**DATA SEGMENT**
------------

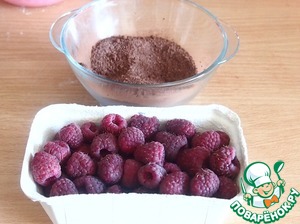 В форму выложить примерно пять ложек теста, на тесто высыпать третью часть смеси сахара и какао, выложить третью часть малины.
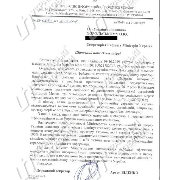 Ответ пришел из Министерства информационной политики (находится в стадии реорганизации и оперативно подчинено министру культуры, молодежи и спорта Владимиру Бородянскому) за подписью государственного секретаря министерства Артема Биденко. В нем уточняется, что какие-либо цифры при написании документа не использовались.
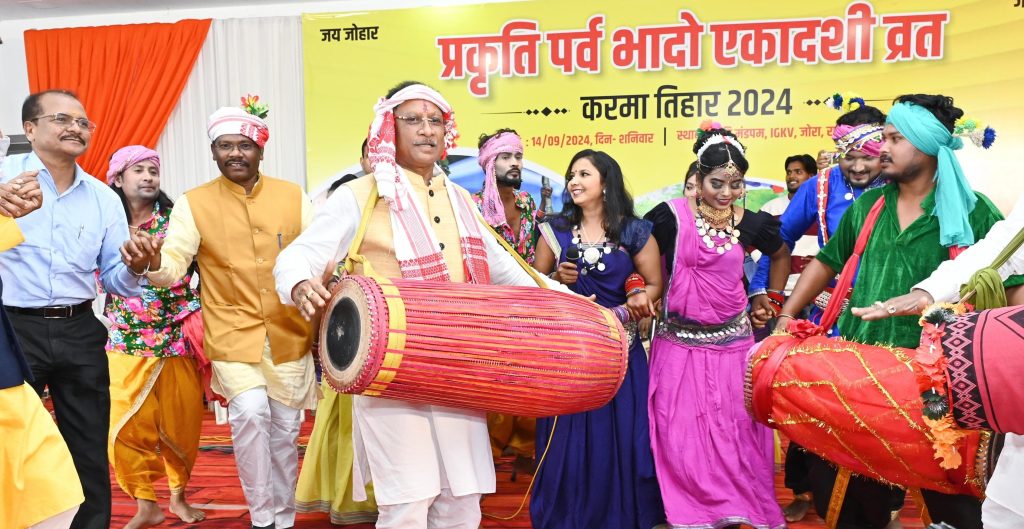 करमा तिहार 2024 कार्यक्रम प्रगति के साथ-साथ आदिवासी संस्कृति का संरक्षण भी है जरूरी- मुख्यमंत्री विष्णुदेव साय मांदर पर थाप देते हुए, करमा तिहार के उल्लास में झूमे मुख्यमंत्री September 16, 2024 No Comments Read More »

------------

**WHAT YOU ARE ASKED TO DO**
Reproduce the material word for word. Skip every picture it holds.

**ANSWER TO THE EXERCISE**
 В форму выложить примерно пять ложек теста, на тесто высыпать третью часть смеси сахара и какао, выложить третью часть малины.
 Ответ пришел из Министерства информационной политики (находится в стадии реорганизации и оперативно подчинено министру культуры, молодежи и спорта Владимиру Бородянскому) за подписью государственного секретаря министерства Артема Биденко. В нем уточняется, что какие-либо цифры при написании документа не использовались.
 करमा तिहार 2024 कार्यक्रम प्रगति के साथ-साथ आदिवासी संस्कृति का संरक्षण भी है जरूरी- मुख्यमंत्री विष्णुदेव साय मांदर पर थाप देते हुए, करमा तिहार के उल्लास में झूमे मुख्यमंत्री September 16, 2024 No Comments Read More »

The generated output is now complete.